Computational Genomics
A central problem in bioinformatics is the analysis of genomic information, culminating in the study of the human genome of an individual person (personal genomics). Research in genomic analyses includes annotating the genomes (such as coding and functional non-coding regions) through both computational and experimental approaches, dissecting gene regulation networks and signaling pathways, identifying disease-causing genes and variants (e.g., related to neuroscience), and cancer genomics.
Macromolecular Structure and High Resolution Imaging
Fundamentally, the genome encodes the structures of molecules, the machines that carry out the work of the cell. Determining structures involves analysis of high-resolution imaging data from techniques such as cryo electron microscopy. Analyzing structures involves dealing with complex 3D shapes and simulating them based on physical principles. One of the grand challenges to computational biology is ab initio prediction of protein structures as well as the elucidation of structure-to-function relationships.
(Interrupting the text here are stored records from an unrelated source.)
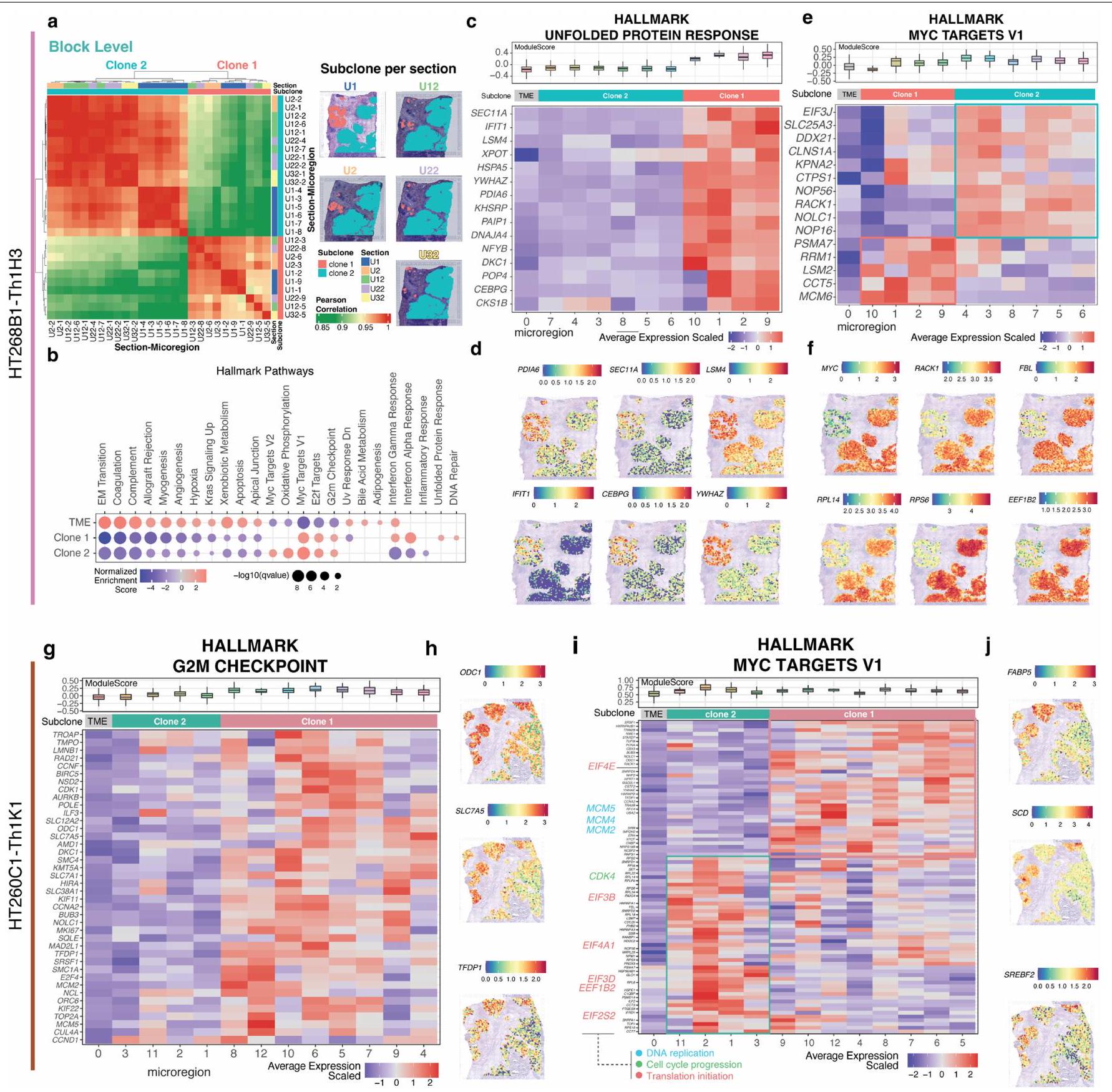 عند تطبيق GSEA لتحديد المسارات الخاصة بالنسائل الفرعية، وجدنا مستويات تعبير ميكروإقليمية متباينة ضمن مسار نقطة التفتيش G2M في النسيلة 1 (البيانات الموسعة الأشكال 6d و7g,h، المشار إليها بالصناديق المنقطة) في العينة HT260C1. تم عكس هذا النمط في MYC لكل من عينات النقائل HT260C1 وHT268B1، مع مجموعات متميزة من جينات MYC السفلية بين النسائل الورمية (البيانات الموسعة الشكل 7e,f,i,j والشكل التكميلي 3). تؤكد هذه النتيجة على تعقيد هذا المسار، الذي يتم تنظيمه بشكل غير طبيعي في السرطان ويؤثر على العديد من العمليات المسرطنة.النسخة 2 من HT260C1 كانت زيادة في معقد بدء الترجمة (عائلة eIF) وتقدم G1S (CDK4)، في حين أن النسخة 1 كانت تحتوي على جينات تكرار الحمض النووي (عائلة MCM) (الشكل 7i من البيانات الموسعة).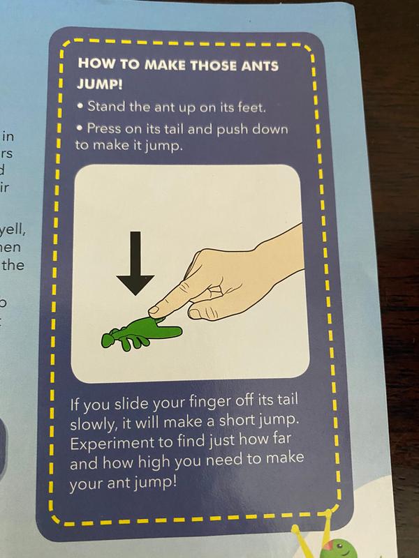By pressing on the tail and letting your finger slide of the ant will jump sometimes quite high. Press your finger down on the tail of the Ant. Now try another one.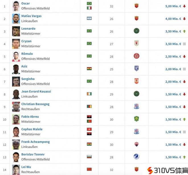 中超球员身价排名:奥斯卡500万欧居首,巴尔加斯400万欧次席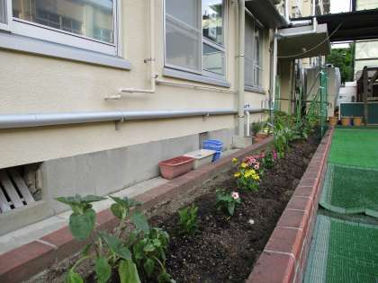 花壇に,花と野菜の苗を植えました。葉っぱの形や花のつぼみから,何の苗かを予想しました。どんな花が咲くのかな。どんな野菜ができるかな。みんな楽しみにしています。
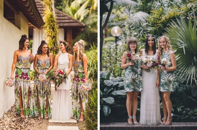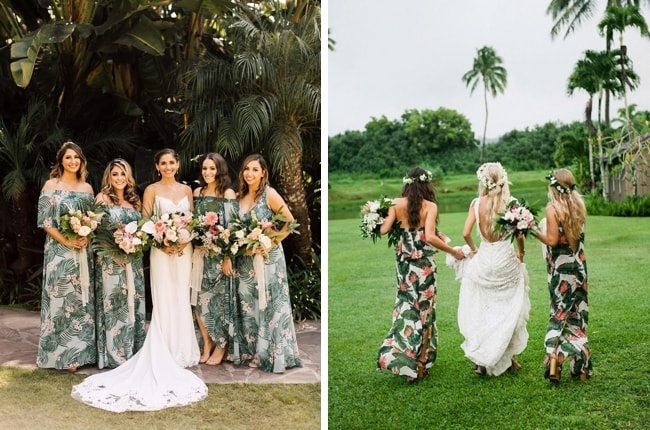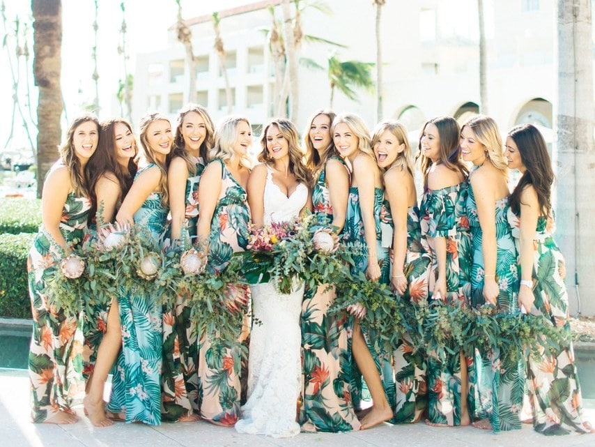 Let’s get tropical! Yes, I know, it’s winter outside in SA (belieeeeeeve me I know – I spent last weekend huddled round a fire in Dullstroom), but that also makes it the perfect time to start thinking ahead for the next summer season. Tropical prints are SO hot right now, and with brands like Show Me Your Mumu really making this look popular in the last year, I thought it was time to round up some of my favourite tropical bridesmaid lineups. If you’re planning a beach or destination wedding, or just love this summery look, then prepare to be inspired!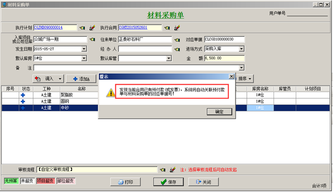 在工地現(xiàn)場(chǎng)材料管理過程中,材料到貨之后,可以做采購入庫單(材料驗(yàn)收單)執(zhí)行驗(yàn)收入庫(或直進(jìn)項(xiàng)目)。或在“合同內(nèi)容”里面,點(diǎn)擊[到貨驗(yàn)收],在彈出“采購入庫單”(材料驗(yàn)收單),在單據(jù)中輸入“驗(yàn)收數(shù)量”,保存時(shí)系統(tǒng)會(huì)提示自動(dòng)關(guān)聯(lián)第一次預(yù)付款,“確定”之后保存,如圖:

Computational and Systems Immunology
Computational and systems immunology involves the development and application of bioinformatics methods, mathematical models, and statistical/machine learning techniques for the study of immune system biology. Systems approaches can be used to predict how the immune system will respond to a particular perturbation such as infection or vaccination, to infer and model the molecular and cellular networks that underlie immune responses and their dynamics, and to understand and rationally design effective immunotherapy. Computational approaches are also increasingly vital to transform the wealth of multi-omics data gathered from immune cells into biological insights. More generally, the integration of machine learning and dynamical/mechanistic modeling approaches are critical for achieving a predictive and quantitative understanding of the immune system. In addition, computational approaches are vital to empower the emerging field of synthetic immunology including the rational engineering of immune cells to serve as biosensors and therapeutic effectors.
AI Models and Distributed Analytics and AI Model Evaluation
Repositories holding large amounts of data from patients or study participants (in particular electronic health records) need to be reconceptualized. In particular, they may require researchers to compute within their enclaves. To build and/or evaluate models across several repositories, new approaches for distributed data analysis are necessary: from model constructing and testing, to internal and external validation, methods produce results that are often indistinguishable from those that would have been obtained by centralizing all data in one place. Distributed model evaluation methods address both classification performance and model calibration and bias that can be introduced by certain models. Analyzing clinical and population health data, in addition to molecular data, is important to extract patterns, optimize workflows, and build reliable predictive models using AI.
Machine Learning Techniques and Efficient Algorithms
Many theoretical and practical problems in the biological and biomedical sciences require unique algorithmic and computational solutions, involving machine learning, deep learning, combinatorial optimization, signal processing, and high-performance computing. For example, even simple processing of the extremely large-scale data generated by state-of-the-art genomics facilities requires considerable software and hardware development.